Whamcloud - gitweb
LU-12222 lnet: Check if we're sending to ourselves
[fs/lustre-release.git] / lnet / lnet / lib-move.c
index c1d4e84..262e432 100644 (file)
@@ -42,8 +42,6 @@
 #include <linux/nsproxy.h>
 #include <net/net_namespace.h>
 
-extern unsigned int lnet_current_net_count;
-
 static int local_nid_dist_zero = 1;
 module_param(local_nid_dist_zero, int, 0444);
 MODULE_PARM_DESC(local_nid_dist_zero, "Reserved");
@@ -1910,8 +1908,11 @@ lnet_handle_spec_local_nmr_dst(struct lnet_send_data *sd)
  * Local Destination
  * MR Peer
  *
- * Run the selection algorithm on the peer NIs unless we're sending
- * a response, in this case just send to the destination
+ * Don't run the selection algorithm on the peer NIs. By specifying the
+ * local NID, we're also saying that we should always use the destination NID
+ * provided. This handles the case where we should be using the same
+ * destination NID for the all the messages which belong to the same RPC
+ * request.
  */
 static int
 lnet_handle_spec_local_mr_dst(struct lnet_send_data *sd)
@@ -1924,17 +1925,6 @@ lnet_handle_spec_local_mr_dst(struct lnet_send_data *sd)

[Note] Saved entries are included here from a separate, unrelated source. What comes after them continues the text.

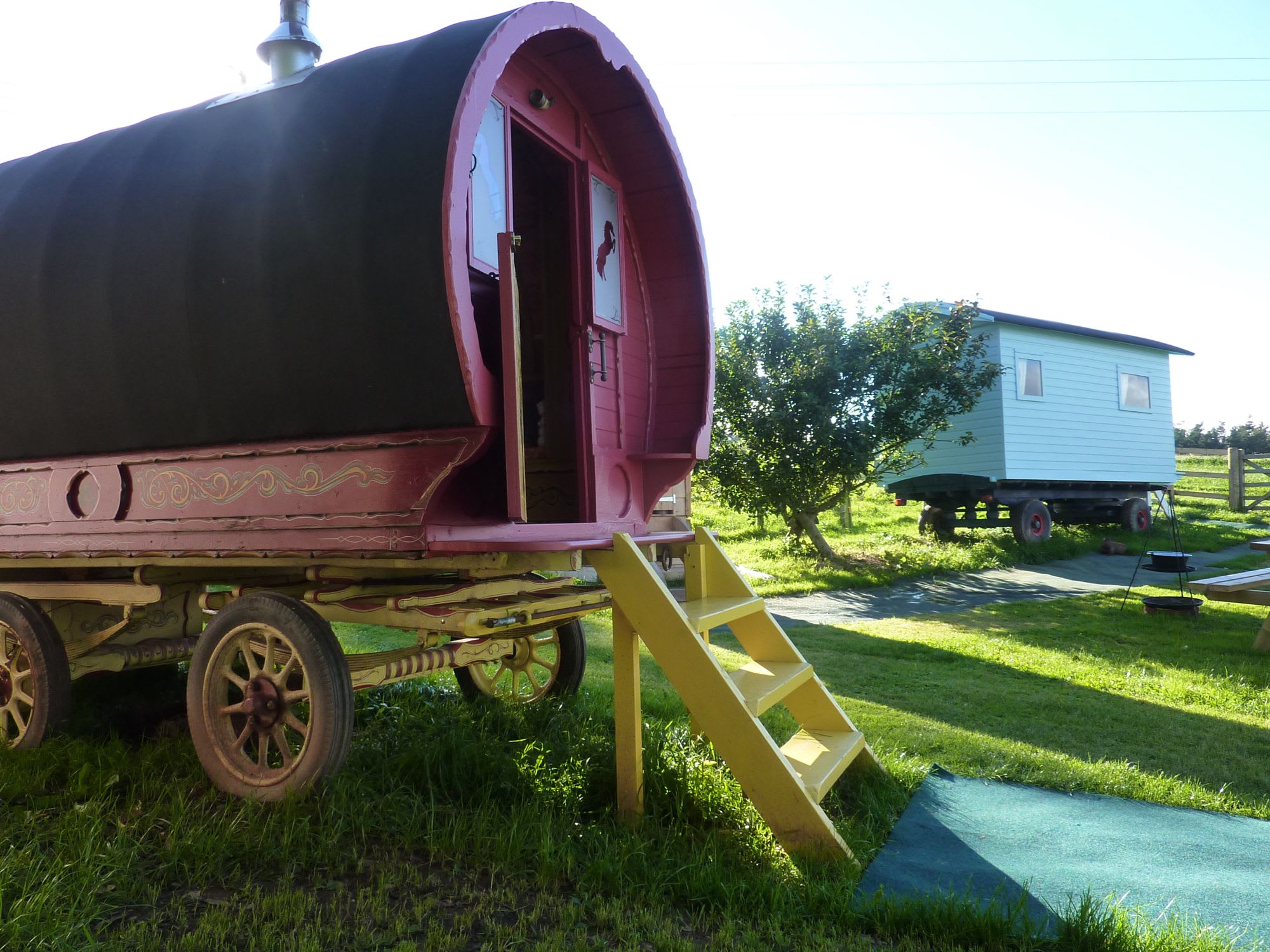 There are technically 25 pitches, located in a separate field just down from the farmhouse, but you’re more or less welcome to hunker down anywhere. If that seems like too much hard work, then cosy up in the beautiful bowtop gypsy caravan, complete with dinky little log burner and double bed – also with an outdoor firepit and cauldron for cooking – or the gorgeous, sky-blue painted shepherd’s hut trailer which, believe it or not, sleeps four, albeit at a squeeze.
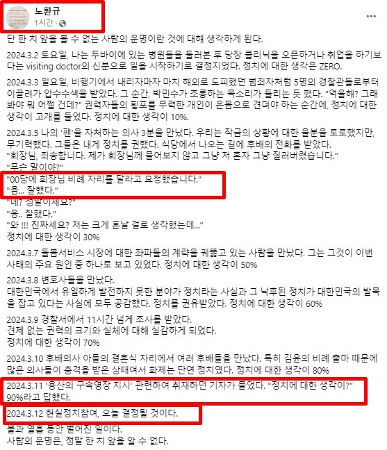 이어 노 전 회장은 "11일 '용산의 구속영장 지시' 관련하여 취재하던 기자가 물었다. "정치에 대한 생각이?" 90%라고 답했다."라는 메시지를 SNS에 공유 하기도 했다. 마지막으로 "12(일) 현실정치 참여 오늘 결정될 것이다"라는 글이 SNS에 공유 됐다.
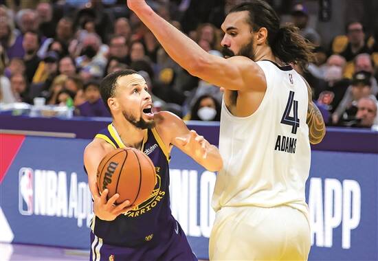 库里(左)在比赛中进攻 新华社发 |
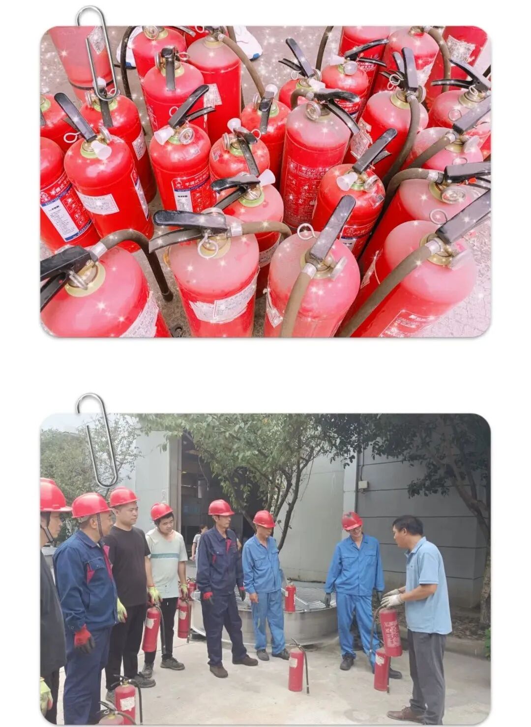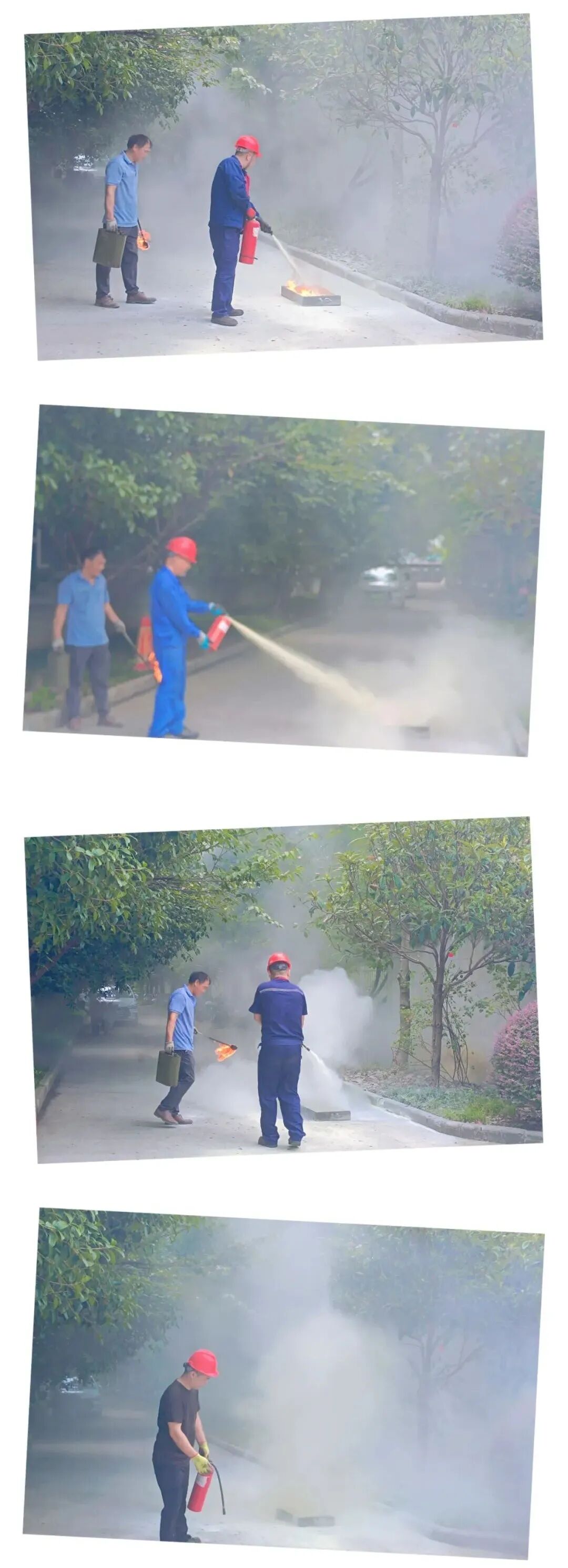 事后,每個人都進行了滅火器實操,拔掉螺栓,打開滅火器,與火源相距2處對準火源開始滅火。
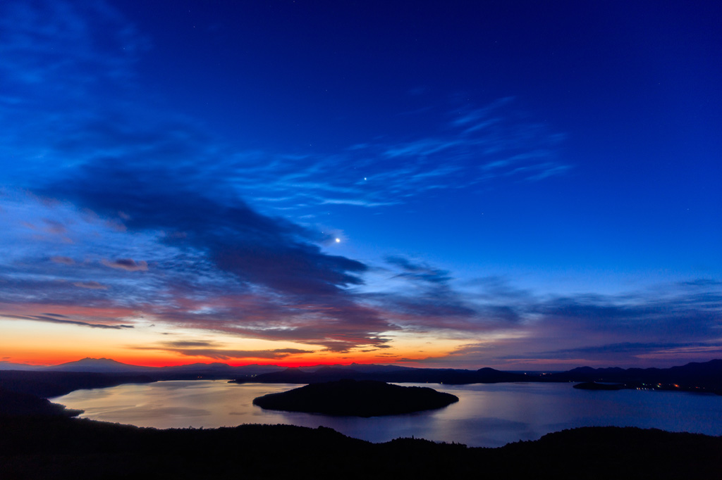日没後、夜の空に移り変わる短い間で見られる濃い紺色の空。いわゆるブルーモーメントと呼ばれる空です。
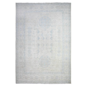 10'x13'9" Moonlight White, Plain Decor Modern Box Design, Loom Knotted 100% Undyed Natural Wool, Oriental Rug FWR542046
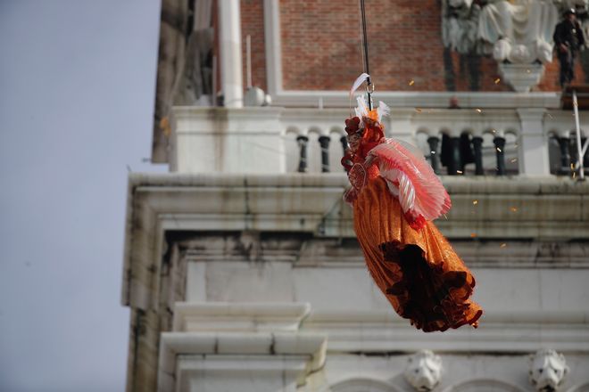 Κάθε πρώτη Κυριακή του καρναβαλιού της Βενετίας, το μεσημέρι, μια νεαρή γυναίκα κατεβαίνει “πετώντας” από το καμπαναριό της βασιλικής του Αγίου Μάρκου, κρεμασμένη από ένα καλώδιο, και πετάει κονφετί στους χιλιάδες μεταμφιεσμένους που φορούν μάσκες και κοστούμια εποχής κι έχουν κατακλύσει την πλατεία, για να συναντήσει κατόπιν τον δόγη 80 μέτρα χαμηλότερα.
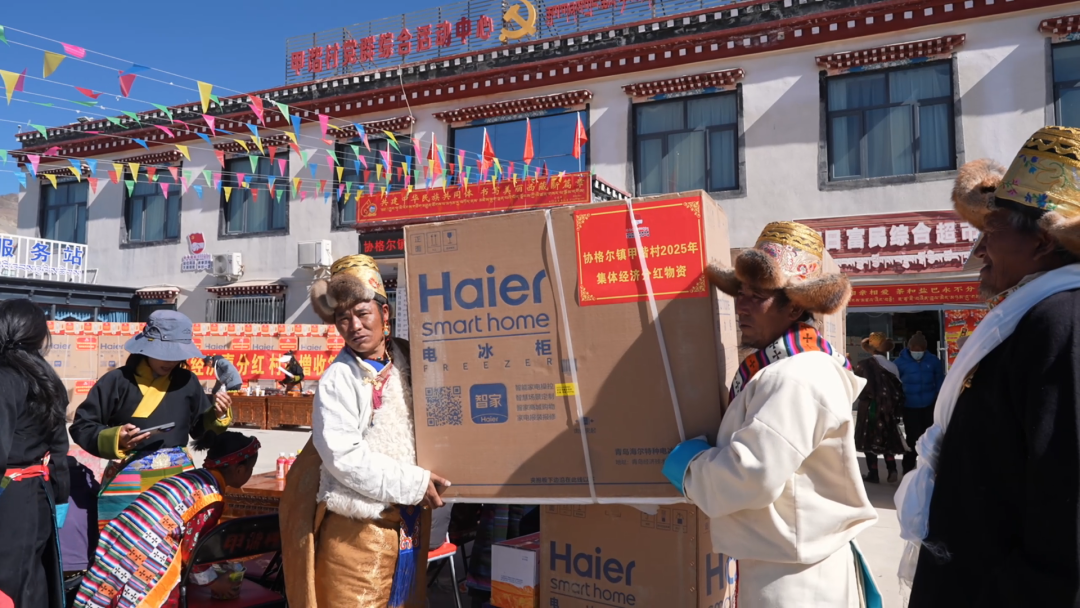 在定日县协格尔镇甲谐村集体经济分红现场,分红资金和一台台崭新的冰柜、打茶机整齐陈列。村民们按照顺序,依次领取分红并相互祝贺,分享收获的喜悦。

                return -EINVAL;
        }
 
-       /*
-        * only run the selection algorithm to pick the peer_ni if we're
-        * sending a GET or a PUT. Responses are sent to the same
-        * destination NID provided.
-        */
-       if (!(sd->sd_send_case & SND_RESP)) {
-               sd->sd_best_lpni =
-                 lnet_find_best_lpni_on_net(sd, sd->sd_peer,
-                                            sd->sd_best_ni->ni_net->net_id);
-       }
-
        if (sd->sd_best_lpni &&
            sd->sd_best_lpni->lpni_nid == the_lnet.ln_loni->ni_nid)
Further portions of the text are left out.